REQUIRED WORK
Pictures are to be left out, and only the lines below starting at the one with "附件:(2025)粤0783民初972号 许旋娣 开庭公告.pdf" and ending at the one with "Fuentes policiales confirmaron" are to be reproduced, each exactly, both ends included.

Records from a collection

------------------------------------

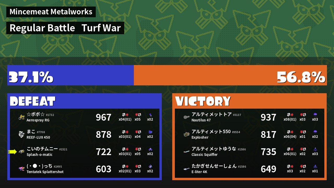 | Mode | Turf War - Regular Battle | ||
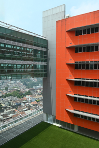 Anggara Architeam has adeptly addressed this challenge in their design. They’ve designed a campus building that combines enclosed spaces, resembling a sculptural mass, with interconnected regions, such as the sky bridge. Situated on a limited 1.55-hectare plot of land, this design maximizes density by vertically stacking up to 14 floors in the north tower and 11 floors in the south tower, both thoughtfully connected by a bridge. This verticality optimizes space utilization while preserving the crucial duality of learning environments. Furthermore, the architects’ commitment to energy efficiency and sustainability ensures that this structure not only meets the present needs of its users but also contributes to a greener and more sustainable future. Moreover, the inclusion of an auditorium with 1,000 accessible seats demonstrates a commitment to accommodating large-scale events and gatherings, enhancing the building’s versatility and relevance in the academic community.
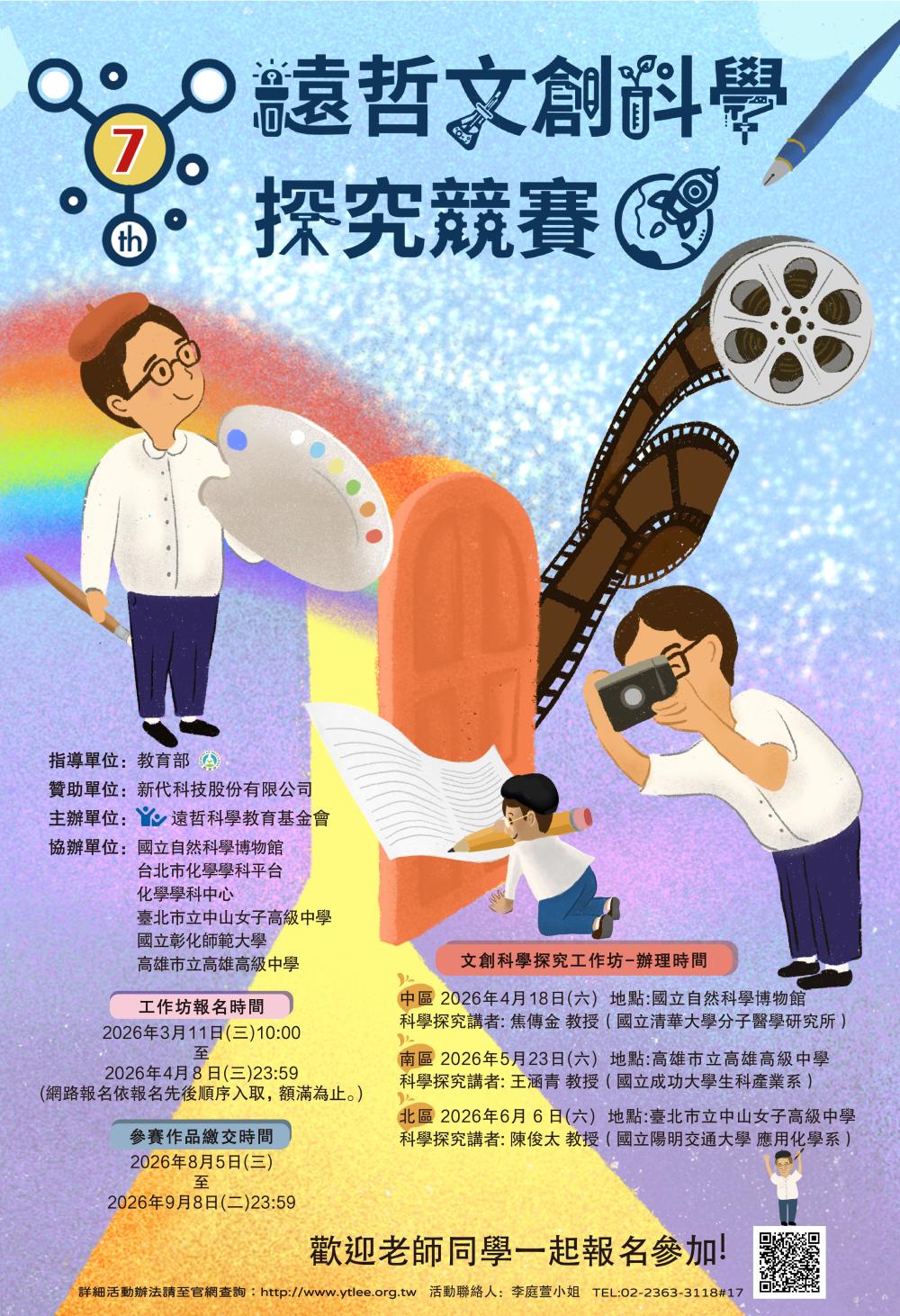 閱讀更多 →一、依據財團法人遠哲科學教育基金會115年3月4日遠企字第1150000025號函辦理。 二、財團法人遠哲科學教育基金會秉持發展全民科學普及教育之宗旨,致力於提升青少年科學素養與實作能力。本年度持續辦理「第七屆遠哲文創科學探究競賽」,期盼透過結合「科學探究」與「文創表達」,深化科學教育之推廣。 三、本競賽相關資訊如下: (一)對象: 全國對科學探究有興趣之國中、高中(職)在學學生。 (二)報名日期...
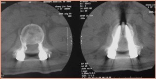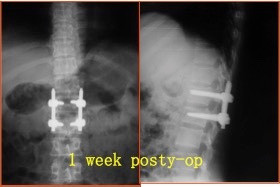 诊断:腰2椎体爆裂性骨折(AO分型:A3.1) 治疗:给予急诊行腰1-腰2椎弓根钉固定+骨折复位术。术中行椎板切除减压,用骨冲将突入椎管的骨块复位。
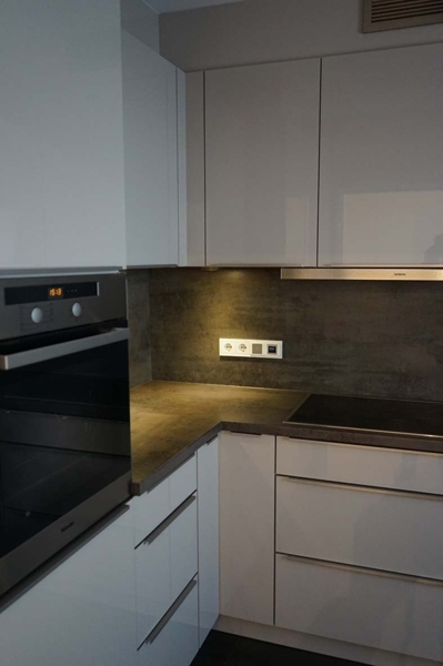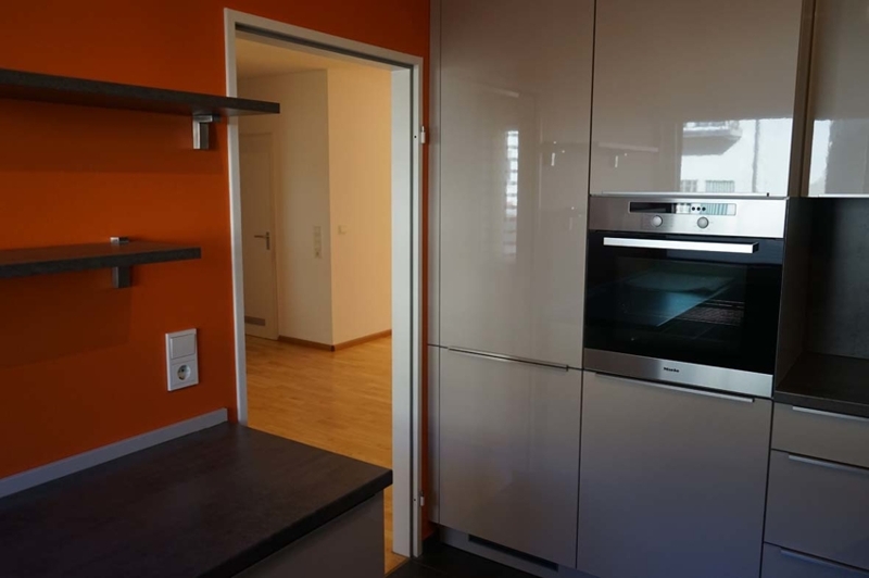 Im Zuge der Renovation wurde unter anderem eine hochwertige Miele-Einbauküche installiert, ausgestattet mit lichtgrauen Lackfronten, dunkler Arbeitsplatte, Backofen auf Arbeitshöhe, überbreitem Induktionskochherd, Geschirrspüler, großem Kühlschrank und separatem Gefrierschrank. In der Rückwandverkleidung ist dezent ein über Tasten steuerbares Radio integriert.
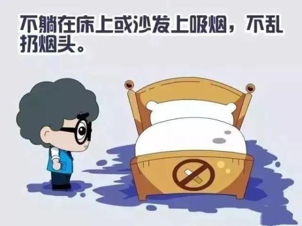 易燃易爆物品切勿带进酒店和房间,不躺在床上或沙发上吸烟,不乱扔烟头。燃烧的烟头温度极高,容易引燃棉、布制品导致火灾。
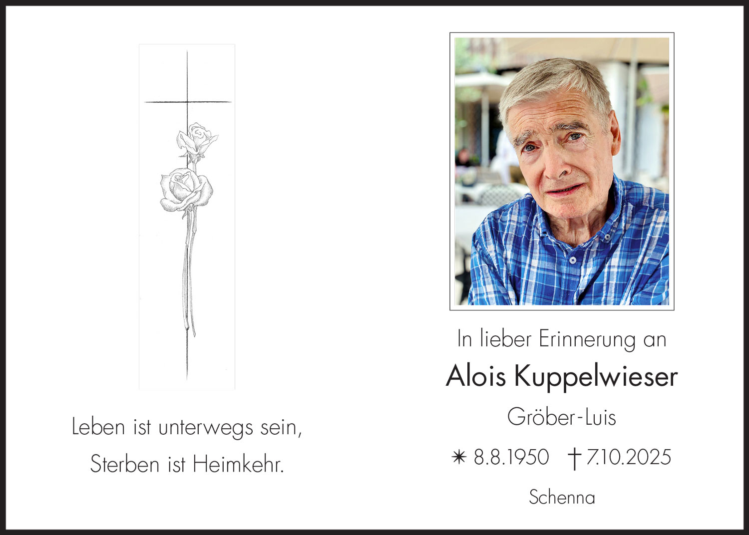 Entzünden Sie als Symbol der Ewigkeit eine Kerze, zum Gedenken an Alois Kuppelwieser.
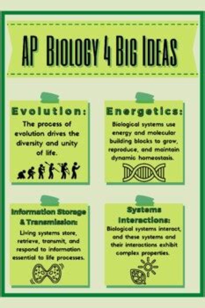 AP Biology is centered around four Big Ideas (Evolution, Energy Processes, Information, and Interactions) as described in the Curriculum Framework outlined by College Board. These Big Ideas encompass the core scientific principles, theories, and processes that govern living organisms and biological systems.
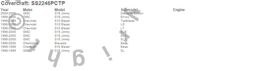 Below is an abbreviated list of applications for the SeatSaver Custom Seat Cover.Bravada, S10 Blazer, S15 Jimmy, Chevrolet, GMC, Oldsmobile, 2000, 1999, 1998
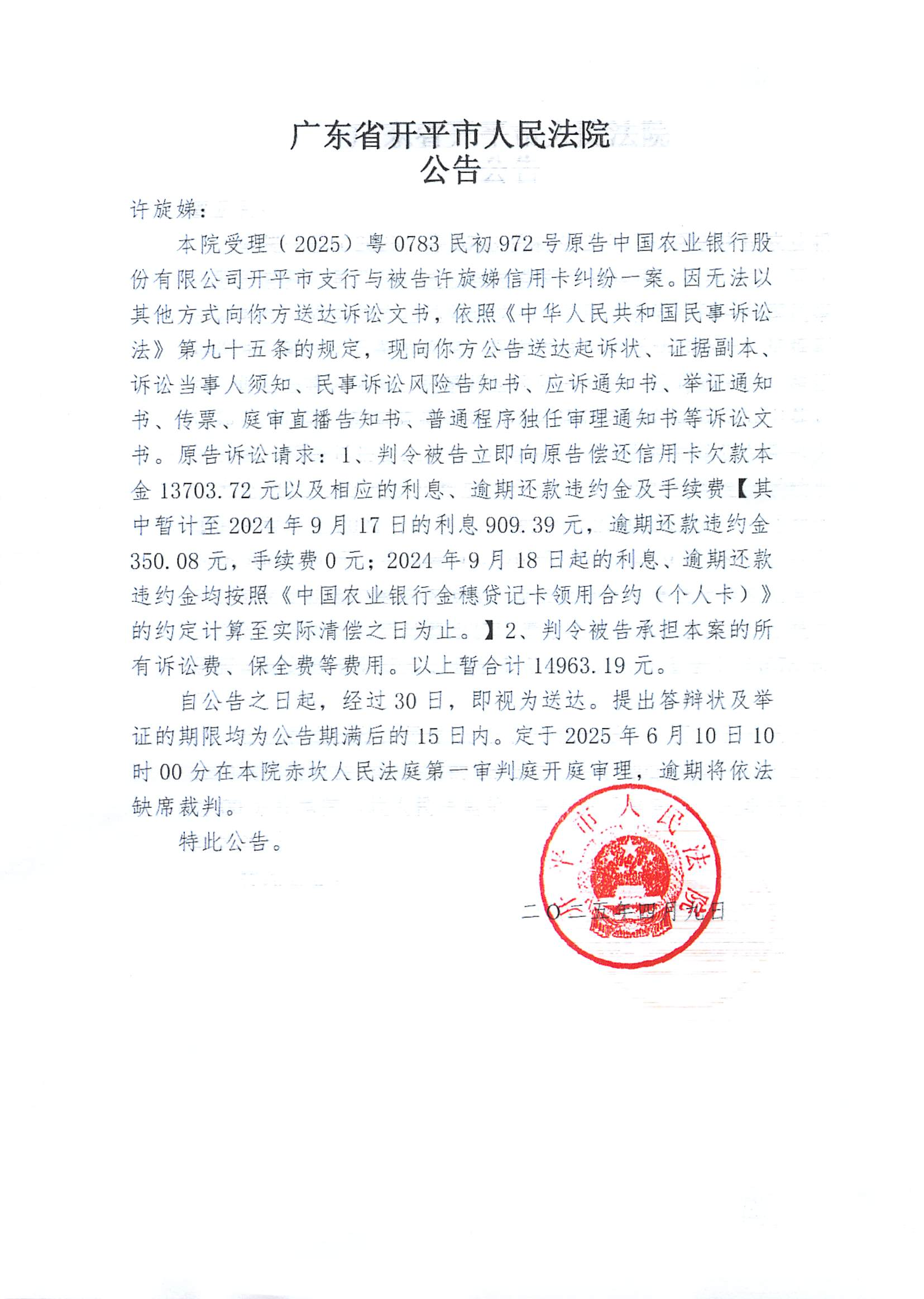 附件:(2025)粤0783民初972号 许旋娣 开庭公告.pdf
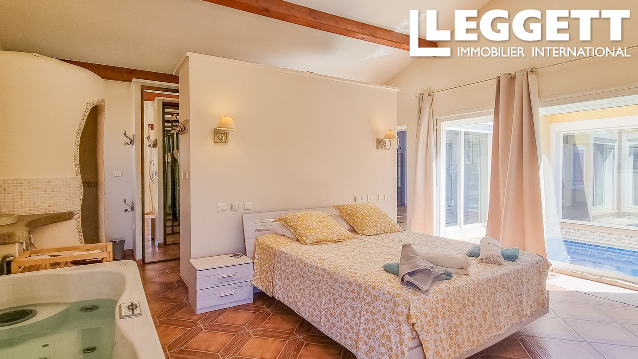 La maison principale séduit par ses espaces de réception ouverts et lumineux : cuisine moderne, salons raffinés, salle de billard et salle de sport. L'espace nuit comprend 4 chambres dont 3 suites parentales avec salles de bains privatives dont une principale avec jacuzzi et vue sur la piscine intérieure.
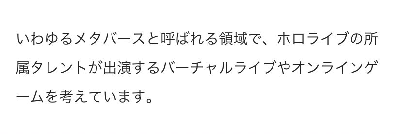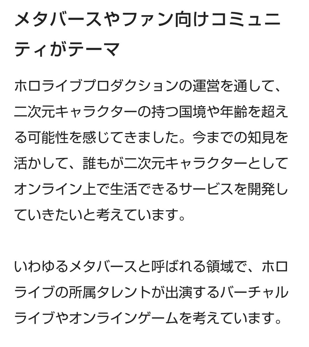 「今までの知見を活かして、誰もが二次元キャラクターとしてオンライン上で生活できるサービスを開発していきたいと考えています。いわゆるメタバースと呼ばれる領域で、ホロライブの所属タレントが出演するバーチャルライブやオンラインゲームを考えています」うおお…!!!
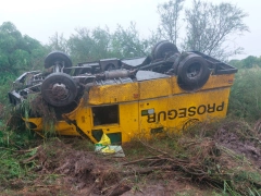 Fuentes policiales confirmaron a Elonce que el chofer, su acompañante y dos custodios, resultaron ilesos como consecuencia del siniestro vial. El vehículo quedó volcado sobre la banquina sur con sus ruedas hacia arriba.
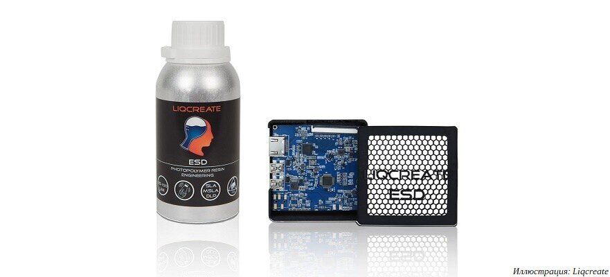 Новая смола от нидерландского производителя расходных материалов для стереолитографических 3D-принтеров подойдет для 3D-печати компонентов электронной техники. Liqcreate ESD — непрозрачная, черная смола, совместимая с лазерными (SLA), проекторными (DLP) и ЖК-масочными (MSLA) стереолитографическими 3D-принтерами с длиной волны в диапазоне 385 – 420 нм. Материал отличается неплохой ударной вязкостью и хорошо подходит для изготовления креплений, защитных корпусов и технологической оснастки. Технические характеристики и методы испытаний фотополимерной смолы Liqcreate ESD: Предел прочности на разрыв (D638М): 37 МПа Относительное удлинение при разрыве (D638М): 5-10% Модуль растяжения (D638М): 1,9 ГПа Предел прочности при изгибе (D790): 83 МПа Модуль упругости при изгибе (D790): 2,1 ГПа Ударная вязкость по Изоду с надрезом (ISO 180): 3,3 кДж/м^2 Гигроскопичность (D570-98): 3,84% Температура разложения (собственный метод): свыше 250°СТемпература тепловой деформации при 0,45 МПа (ISO 75): 51°С
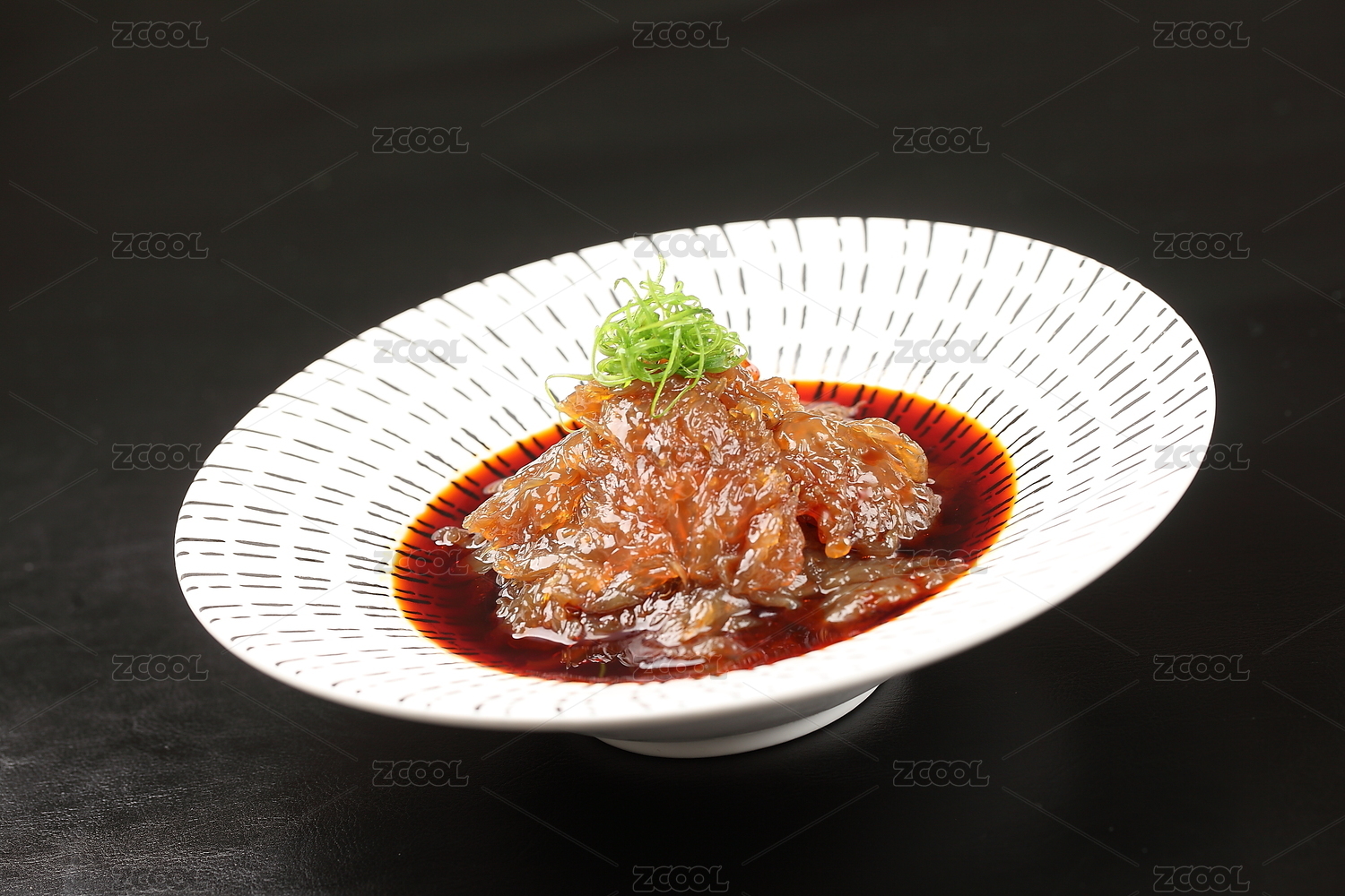 桌面上的盤子里的美味可口的海蜇皮
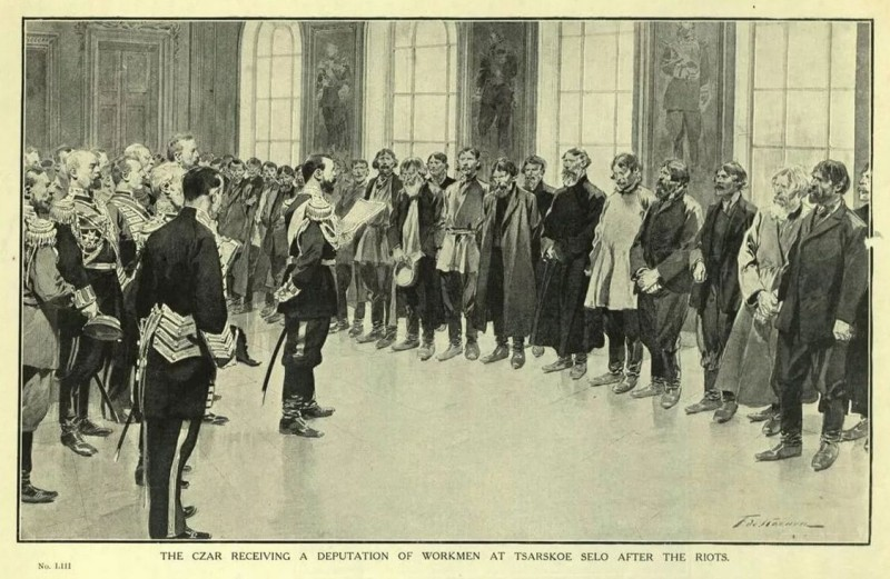 Трудна жизнь рабочего человека. Многое нужно в ней исправить, во многом облегчить и упорядочить условия этой жизни. Знаю это; думаю и пекусь о всех вас и устрою так, чтобы все справедливые ваши нужды были удовлетворены, при соблюдении той же справедливости и относительно хозяев ваших. Я позабочусь, чтобы и хозяева, и рабочие всегда имели законную возможность заявлять о своих нуждах и чтобы никто никогда не был обижен и обездолен. А теперь возвращайтесь на ваши заводы и фабрики и принимайтесь, благословясь, за дело. Помните, что Россия воюет с сильным внешним врагом. Все русские люди от мала до велика, кто не изменник своей родины, должны дружно приняться за общую работу, и тогда Бог дарует нам победу».
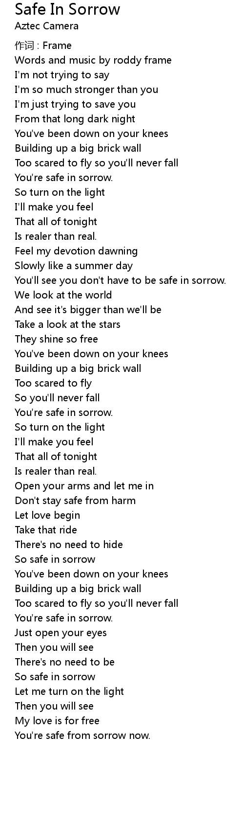 | You' ll see you don' t have to be safe in sorrow. | |
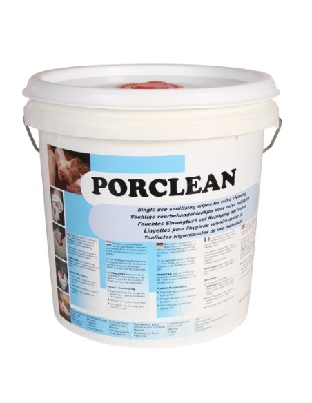 Lingettes Porclean (carton de 2 recharges de 1000 lingettes) Lingettes nettoyantes et désinfectantes. Sutilisent pour le nettoyage des vulves des truies avant linsémination. Sutilisent également pour le nettoyage des trayons des vaches laitières avant la traite. Nirritent pas la peau, contient de lallantoine et une solution de chlorexidine. Format...
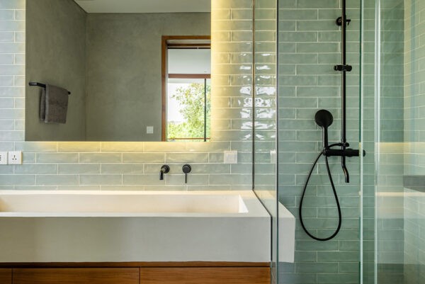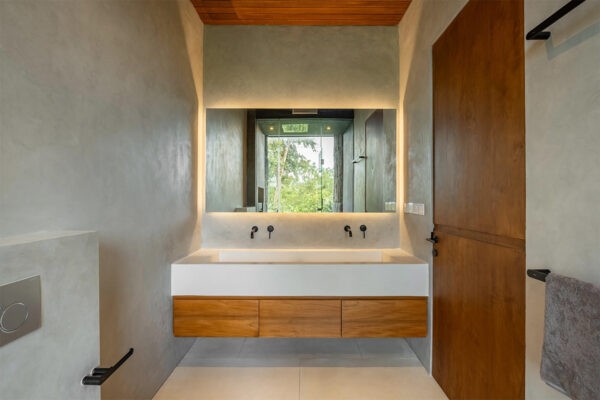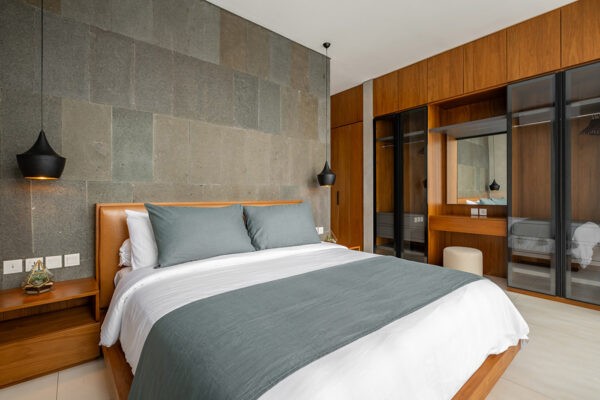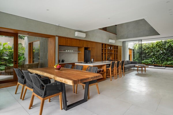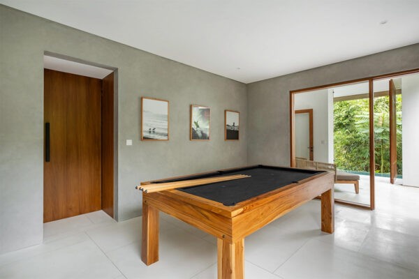 Within the heart of this Balinese villa, a living space unfolds that is as much a part of the outdoors as it is a cozy retreat. Walls of glass stand as silent guardians between the plush comforts of a modern grey sectional sofa and the dense, tropical greenery that seems almost within reach. The contrast between the clean, polished concrete finish on the walls and the lush, vibrant life outside strikes a captivating balance, creating a living picture frame of nature’s art.

------------------------------------

YOUR SOLUTION
 附件:(2025)粤0783民初972号 许旋娣 开庭公告.pdf
 La maison principale séduit par ses espaces de réception ouverts et lumineux : cuisine moderne, salons raffinés, salle de billard et salle de sport. L'espace nuit comprend 4 chambres dont 3 suites parentales avec salles de bains privatives dont une principale avec jacuzzi et vue sur la piscine intérieure.
 「今までの知見を活かして、誰もが二次元キャラクターとしてオンライン上で生活できるサービスを開発していきたいと考えています。いわゆるメタバースと呼ばれる領域で、ホロライブの所属タレントが出演するバーチャルライブやオンラインゲームを考えています」うおお…!!!
 Fuentes policiales confirmaron a Elonce que el chofer, su acompañante y dos custodios, resultaron ilesos como consecuencia del siniestro vial. El vehículo quedó volcado sobre la banquina sur con sus ruedas hacia arriba.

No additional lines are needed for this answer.